* REQUIRED ACTION *
Transcribe the whole listing below. Pictures do not go in the copy.

* RAW DATA *
----

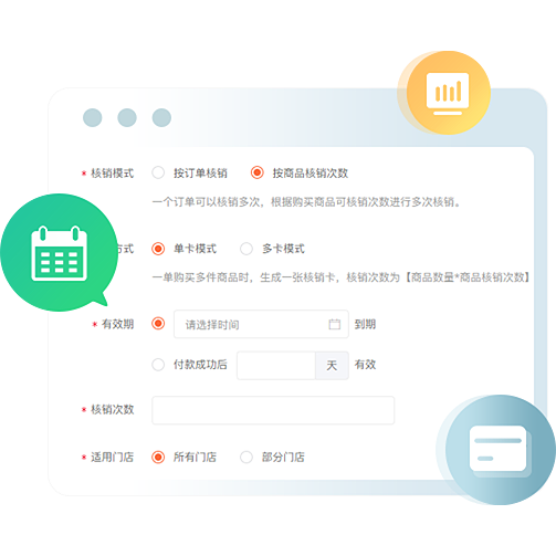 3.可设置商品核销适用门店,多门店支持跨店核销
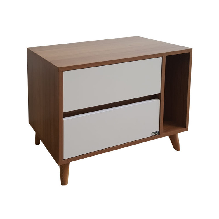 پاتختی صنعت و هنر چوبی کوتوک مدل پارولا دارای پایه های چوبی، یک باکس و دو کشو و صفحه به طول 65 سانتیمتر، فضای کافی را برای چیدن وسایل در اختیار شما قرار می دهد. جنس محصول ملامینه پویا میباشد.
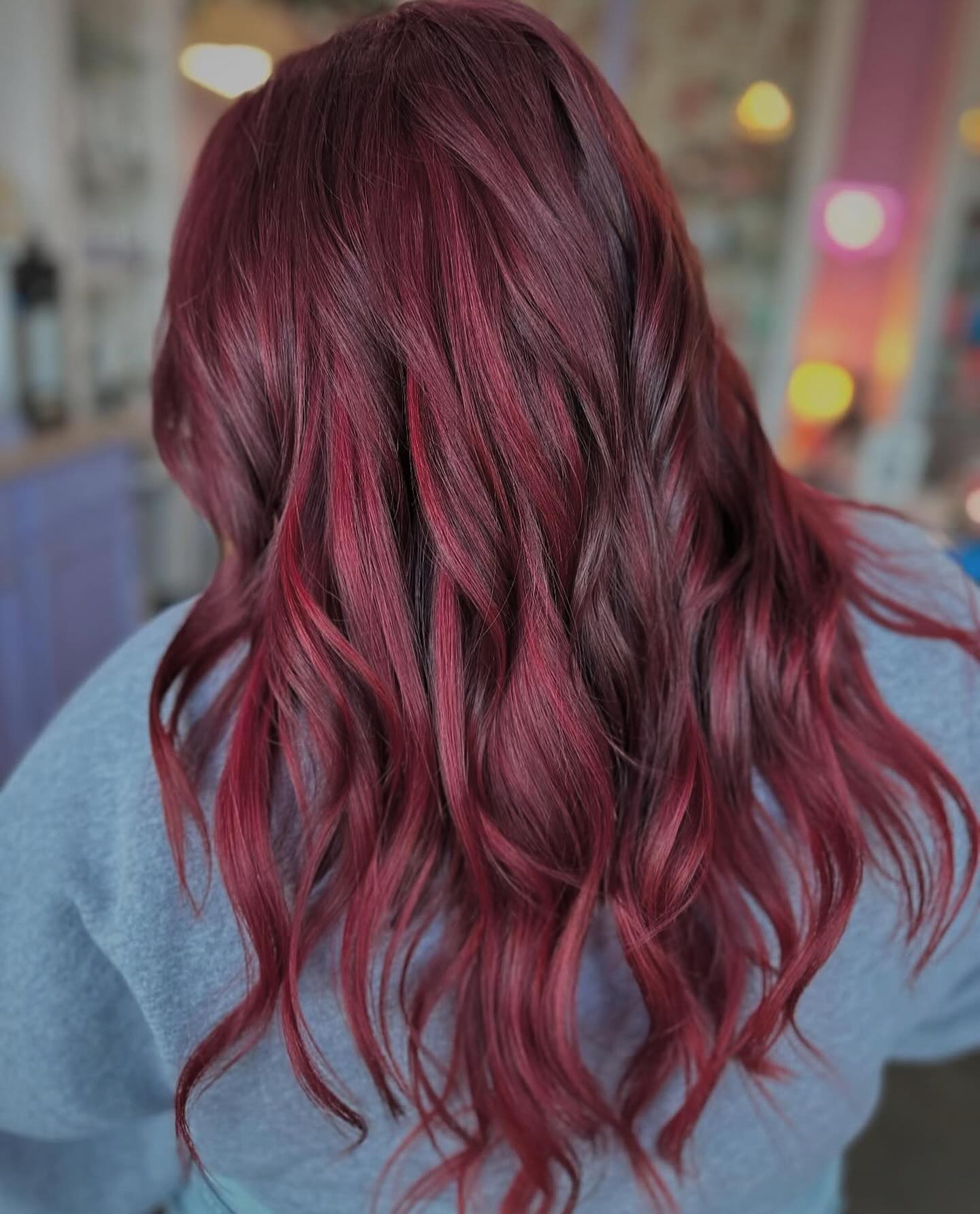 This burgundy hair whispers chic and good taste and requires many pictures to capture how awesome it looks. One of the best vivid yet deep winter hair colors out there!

----

* ANSWER BELOW *
 3.可设置商品核销适用门店,多门店支持跨店核销
 پاتختی صنعت و هنر چوبی کوتوک مدل پارولا دارای پایه های چوبی، یک باکس و دو کشو و صفحه به طول 65 سانتیمتر، فضای کافی را برای چیدن وسایل در اختیار شما قرار می دهد. جنس محصول ملامینه پویا میباشد.
 This burgundy hair whispers chic and good taste and requires many pictures to capture how awesome it looks. One of the best vivid yet deep winter hair colors out there!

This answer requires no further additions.